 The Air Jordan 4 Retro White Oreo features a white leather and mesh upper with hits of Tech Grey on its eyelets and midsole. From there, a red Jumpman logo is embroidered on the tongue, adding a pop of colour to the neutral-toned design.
--
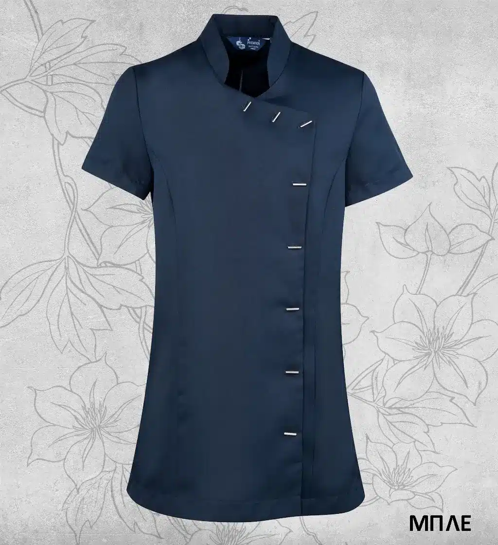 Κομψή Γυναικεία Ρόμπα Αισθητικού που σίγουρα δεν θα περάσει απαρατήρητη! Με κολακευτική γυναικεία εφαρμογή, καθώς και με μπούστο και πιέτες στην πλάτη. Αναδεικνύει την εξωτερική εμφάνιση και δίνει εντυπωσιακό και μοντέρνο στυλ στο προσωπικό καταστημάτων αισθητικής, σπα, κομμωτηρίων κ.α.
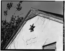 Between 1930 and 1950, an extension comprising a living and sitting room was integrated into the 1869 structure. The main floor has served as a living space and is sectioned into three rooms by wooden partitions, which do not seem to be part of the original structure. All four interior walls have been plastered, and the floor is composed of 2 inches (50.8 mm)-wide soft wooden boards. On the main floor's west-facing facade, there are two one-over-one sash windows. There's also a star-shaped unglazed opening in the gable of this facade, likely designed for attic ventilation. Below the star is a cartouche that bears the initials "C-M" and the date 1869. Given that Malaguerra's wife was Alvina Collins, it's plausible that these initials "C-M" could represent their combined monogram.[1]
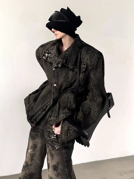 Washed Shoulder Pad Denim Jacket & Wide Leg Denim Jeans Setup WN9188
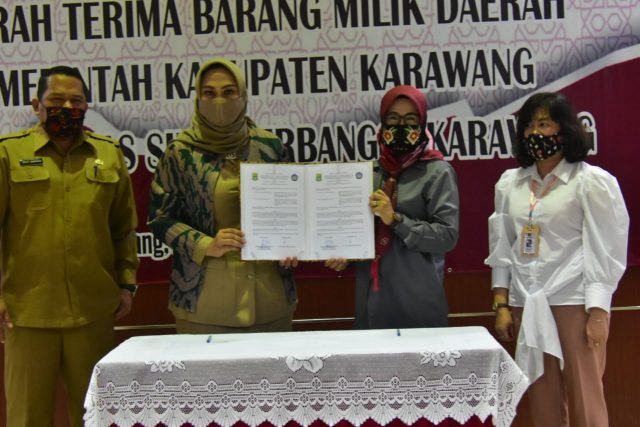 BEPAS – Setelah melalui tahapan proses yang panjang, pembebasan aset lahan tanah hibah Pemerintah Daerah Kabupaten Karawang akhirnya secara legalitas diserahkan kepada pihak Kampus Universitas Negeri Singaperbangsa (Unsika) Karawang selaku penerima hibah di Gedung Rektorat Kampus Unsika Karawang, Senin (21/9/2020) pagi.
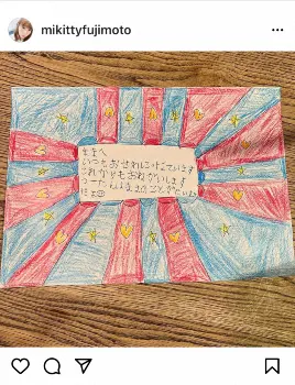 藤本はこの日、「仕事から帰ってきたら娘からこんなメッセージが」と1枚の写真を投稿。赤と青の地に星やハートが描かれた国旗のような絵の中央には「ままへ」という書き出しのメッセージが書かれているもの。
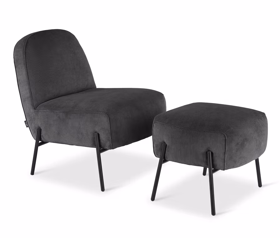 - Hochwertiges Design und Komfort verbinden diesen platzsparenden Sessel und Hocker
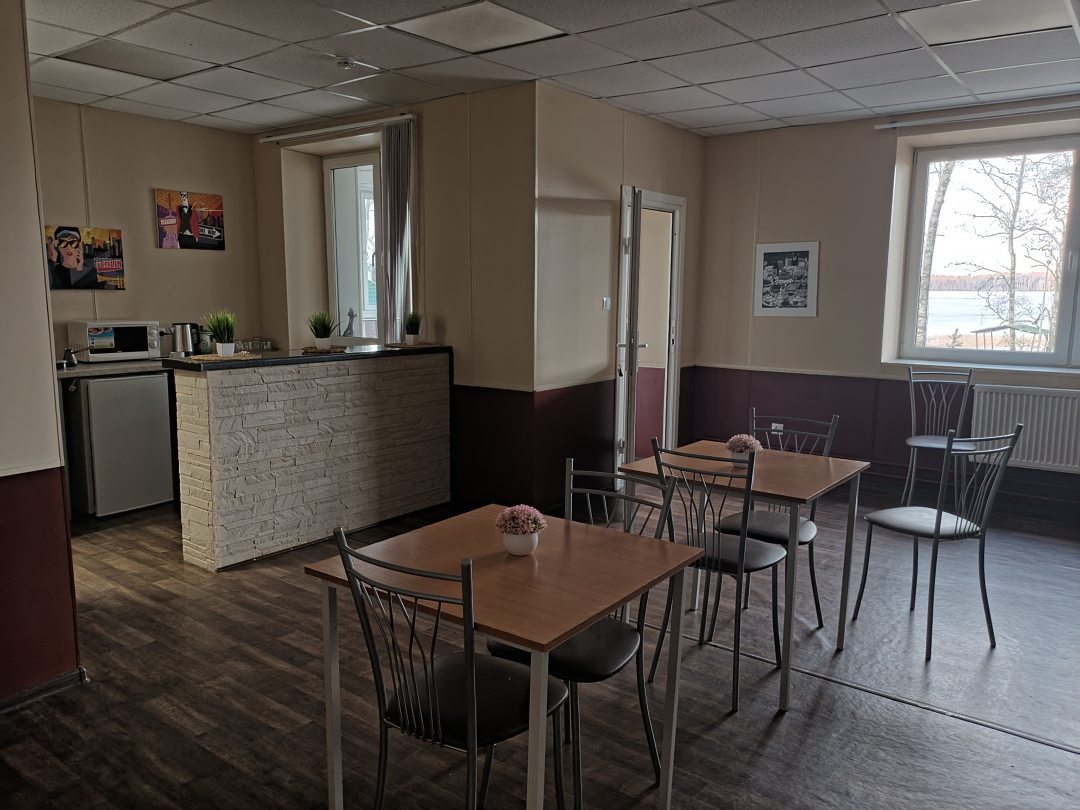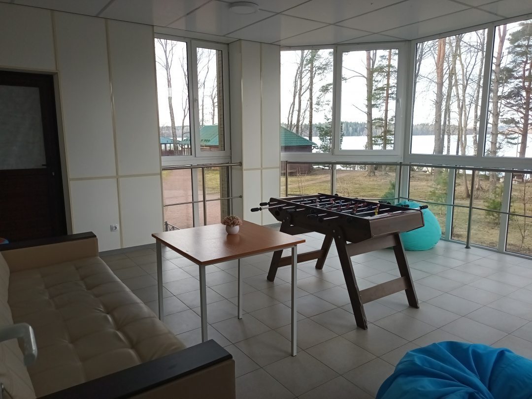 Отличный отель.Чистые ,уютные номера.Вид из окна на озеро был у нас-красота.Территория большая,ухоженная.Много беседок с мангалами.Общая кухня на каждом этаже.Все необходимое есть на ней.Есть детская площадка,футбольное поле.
* * *
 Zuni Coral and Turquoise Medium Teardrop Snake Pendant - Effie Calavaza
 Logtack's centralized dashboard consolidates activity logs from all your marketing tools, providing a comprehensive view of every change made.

EXERCISE AIM:
In the listing above, find the line containing "Between 1930 and" and the line containing "Отличный отель.Чистые ,уютные", then return both of them and every line between, exactly, without pictures.

SOLVED EXERCISE:
 Between 1930 and 1950, an extension comprising a living and sitting room was integrated into the 1869 structure. The main floor has served as a living space and is sectioned into three rooms by wooden partitions, which do not seem to be part of the original structure. All four interior walls have been plastered, and the floor is composed of 2 inches (50.8 mm)-wide soft wooden boards. On the main floor's west-facing facade, there are two one-over-one sash windows. There's also a star-shaped unglazed opening in the gable of this facade, likely designed for attic ventilation. Below the star is a cartouche that bears the initials "C-M" and the date 1869. Given that Malaguerra's wife was Alvina Collins, it's plausible that these initials "C-M" could represent their combined monogram.[1]
 Washed Shoulder Pad Denim Jacket & Wide Leg Denim Jeans Setup WN9188
 BEPAS – Setelah melalui tahapan proses yang panjang, pembebasan aset lahan tanah hibah Pemerintah Daerah Kabupaten Karawang akhirnya secara legalitas diserahkan kepada pihak Kampus Universitas Negeri Singaperbangsa (Unsika) Karawang selaku penerima hibah di Gedung Rektorat Kampus Unsika Karawang, Senin (21/9/2020) pagi.
 藤本はこの日、「仕事から帰ってきたら娘からこんなメッセージが」と1枚の写真を投稿。赤と青の地に星やハートが描かれた国旗のような絵の中央には「ままへ」という書き出しのメッセージが書かれているもの。
 - Hochwertiges Design und Komfort verbinden diesen platzsparenden Sessel und Hocker
 Отличный отель.Чистые ,уютные номера.Вид из окна на озеро был у нас-красота.Территория большая,ухоженная.Много беседок с мангалами.Общая кухня на каждом этаже.Все необходимое есть на ней.Есть детская площадка,футбольное поле.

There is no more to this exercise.